DEV Community

Discussion on: Perl, Unicode, and Bytes

Collapse
 
evancarroll profile image
Evan Carroll

This is a great article. This is probably the best article I've read on the subject. And I agree with Dan Brook that it's not an easy topic to cover.

Consider Perl to have one type of string: a character string.

That's pretty much the bottom line to me. If you're writing a library that maintains utf8 bytes, I'd consider that a bug. It's not even exceptionally difficult to solve that. But people have to come to that conclusion. The notion of "utf8 byte strings" shouldn't be something you maintain in your program through a convention. Decode it so others can continue to pretend like Perl has one type of string.

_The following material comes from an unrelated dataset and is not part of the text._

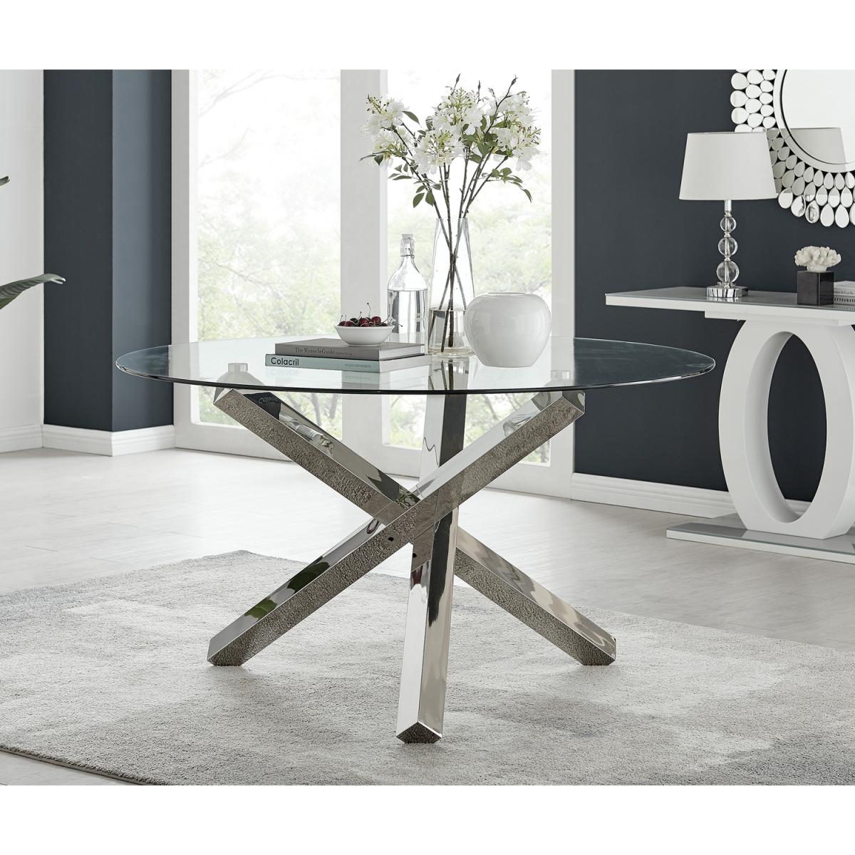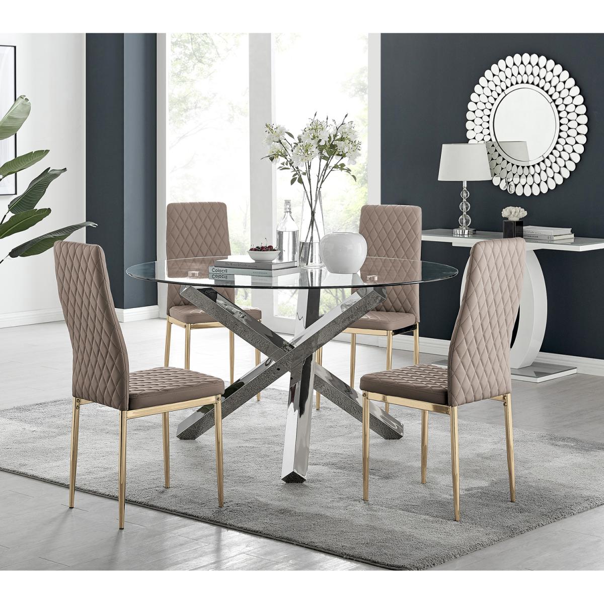 Beautifully crafted and designed, the Vogue table will surely make a modern statement in any dining space. The strong chrome legs provide plenty of support for the table as well as adding a contemporary feel and striking design, whilst the glass top is made from 10mm strong clear tempered glass. The large 136cm x 136cm glass top offers plenty of space for up to 6 guests, ideal for entertaining! With such an appealing design and price tag we just love it and are sure that you will too! Paired alongside our beautiful faux leather diamond quilted Milan dining chairs for a sophisticated contemporary look. The Milan chairs are made from high quality faux leather with trendy gold effect legs and are ergonomically designed for maximum comfort and back support. Made for regular use, the protective plastic feet will protect your floor from any damage. Available in elephant grey, cappuccino grey, white, black or mustard to add your own personality and complete this gorgeous dining set.

As far as pt 2 here or revision, I would cover the practical solution to what you started with,

use JSON::PP ();
my $s = "…";
say JSON::PP::encode_json([$s]);
Enter fullscreen mode Exit fullscreen mode

Will work totally fine without any forethought so long as you remember to use utf8,

use utf8;
use JSON::PP ();
my $s = "…";
say JSON::PP::encode_json([$s]);
Enter fullscreen mode Exit fullscreen mode

And there is no reason to ever not use utf8 in your source files. Why would you ever want to put unencoded non-unicode bytes in your perl source code. Doesn't make sense to me. Put the blob outside your source file.

Collapse
 
fgasper profile image
Felipe Gasper

Decode it so others can continue to pretend like Perl has one type of string.

This isn’t a pretense, though; it’s the literal truth. What defines a Perl string is its sequence of code points. Nothing more.

And there is no reason to ever not use utf8 in your source files.

Source-decode by default makes some sense. I would personally rather it be deferred, though, until Perl can tell whether a string is decoded or not. There’s enough Perl out there already that screws this stuff up; changing recommended defaults without providing any additional “guard rails” seems likely to confuse.

I’m also—as I related in a thread on a recent article Dan wrote proposing that use utf8 be part of use v7—a bit worried about STDIN, pipes, and the like still defaulting to undecoded when the source code auto-decodes. If we’re going to source-decode, I’d rather we go the extra mile and make inputs/outputs default to UTF-8, or maybe ape node.js and require that an encoding be specified in order to create a filehandle.